Awesome I'm so happy for you Karl!


----------



## DeeperUnderstanding (May 19, 2007)

Congratulations! 

I remember the anxiety over calling friends I've made from forums. It always makes me feel nervous.


----------



## CoastalSprite (Sep 8, 2011)

Wow, good on you.. I can't remember the last time I had a long phone call. I detest them even more than talking in person sometimes.


----------



## WineKitty (Nov 26, 2004)

Ventura has a heart of gold!!:heart:heart:heart:heart:heart


----------



## DeeperUnderstanding (May 19, 2007)

Yes, she does.


----------



## TenYears (Jan 15, 2010)

Hey Karl, please IM me with a way to contact her.

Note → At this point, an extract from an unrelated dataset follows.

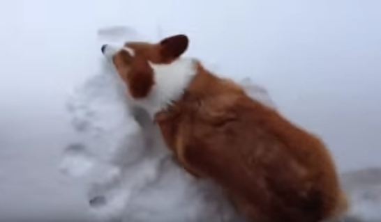まっしろな雪景色にうれしそうなコーギー♪目の前に広がる銀世界と足跡のない雪……たたっと走り出したコーギーのとった行動とは?雪景色あるあるに思わずほっこりする動画です(/・ω・)/☆(6秒)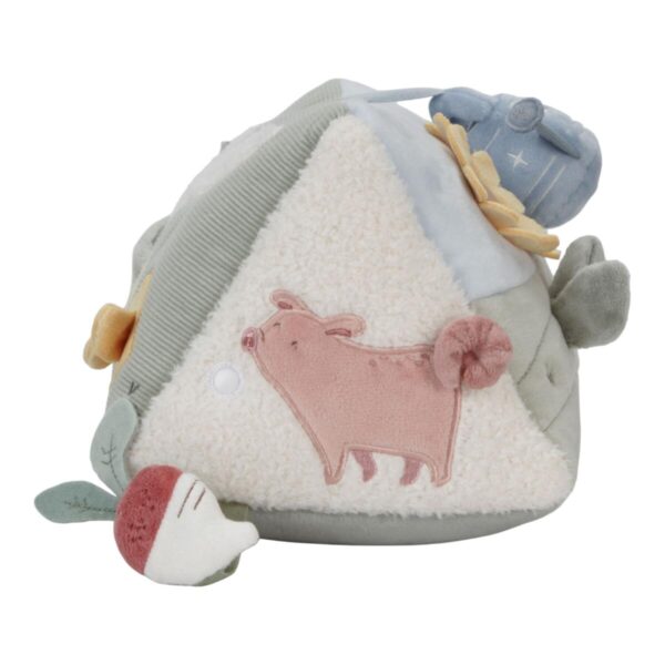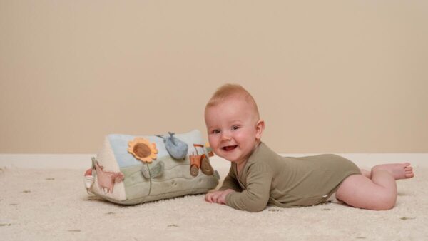This versatile activity triangle takes young children on an adventure while they lie on their stomachs. Along the way, there’s plenty to discover, from the crinkly wings of the chicken to a mirror and a rattling watering can. The product has playful features and fun textures that stimulate your baby’s senses and imagination.

I have her new website but it's apparently shut down, or changed to a different one.

She went out of her way to help me, when she didn't have to. She helped me get through hell. I'm still going through it. But she was there for me, and she didn't have to be, she went out of her way to help me when she didn't have to. I just want to thank her.


----------



## kesker (Mar 29, 2011)

that's great to hear. she is one of my heroes. the fact she speaks with mere mortals is encouraging....or are you some sort of wizard?....hmmm.


----------



## Paragon (Apr 13, 2010)

That's pretty cool.. never quite had the guts to talk to anyone from here before. I mean, using my voice and ears and stuff 

Would be interesting to try sometime!


----------



## testVS (Jul 18, 2014)

Just testing something unrelated. Will delete once done

Kevin


----------